Usually, this is done through conversion to an odds ratio.
odr <- function(x) {
exp(cbind(OR = coef(x), confint(x)))
}
odr(fit2)
#> Waiting for profiling to be done...
#> OR 2.5 % 97.5 %
#> (Intercept) 6.46464646 5.258904976 8.03440121
#> X2 0.04189453 0.027435667 0.06266866
#> X3 3.09726563 2.381064505 4.00914584
#> X4 0.08859375 0.065075959 0.11970440
#> X6 1.48385417 0.959876953 2.36568686
#> X8 3.56106908 2.651198481 4.78618345
#> X9 7.46796870 4.587235443 12.86209781
#> X11 0.07327303 0.048110916 0.11004687
#> X12 0.02494960 0.008361653 0.06034486
#> X14 0.06187500 0.031190057 0.11665747
#> X15 8.88164006 5.031918109 17.18366500
Created on 2019-12-17 by the reprex package (v0.3.0)

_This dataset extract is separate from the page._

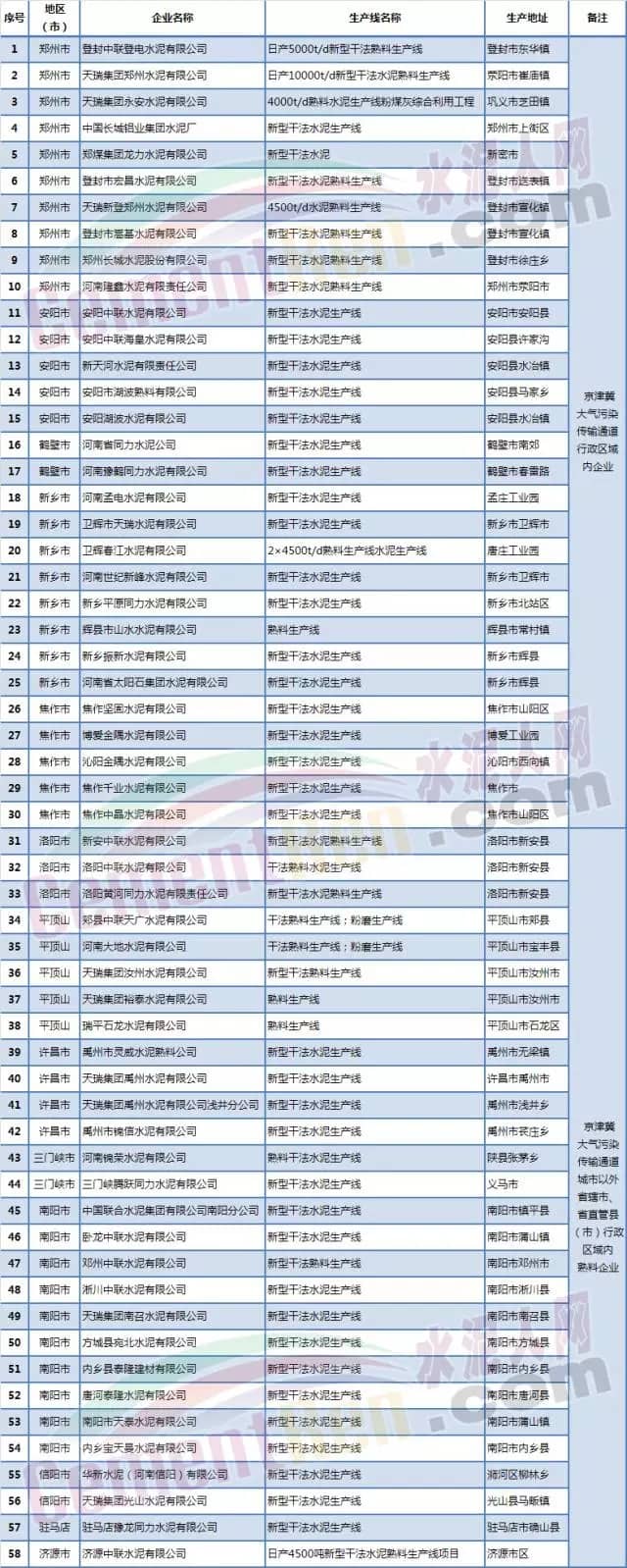 (1)鄭州、開(kāi)封、安陽(yáng)市、鶴壁、新鄉(xiāng)、焦作、濮陽(yáng)、鞏義、蘭考、滑縣、長(zhǎng)垣等京津冀大氣污染傳輸通道行政區(qū)域內(nèi)的43家水泥2017年11月15日至2018年3月15日,全部停產(chǎn)。

An odds ratio equal to 1 translates Y s equally likely with or without X; OR > 1, say 2, means more, twice, as likely. OR = 0.5 = less, half as likely.
For goodness of fit, there's the Hosmer-Lemeshow goodness of fit test , which has a null hypothesis H_0, that the fit is poor; accordingly a high p-value is evidence of a good fit. The results are based on dividing the probabilities for the response variable, Y into deciles and then to examine the expected and actual results against their estimates, as shown in the following two tables. Note that the interpretation of p-value
is backwards from what you may be used to.
There's much more, but I hope this will get you oriented.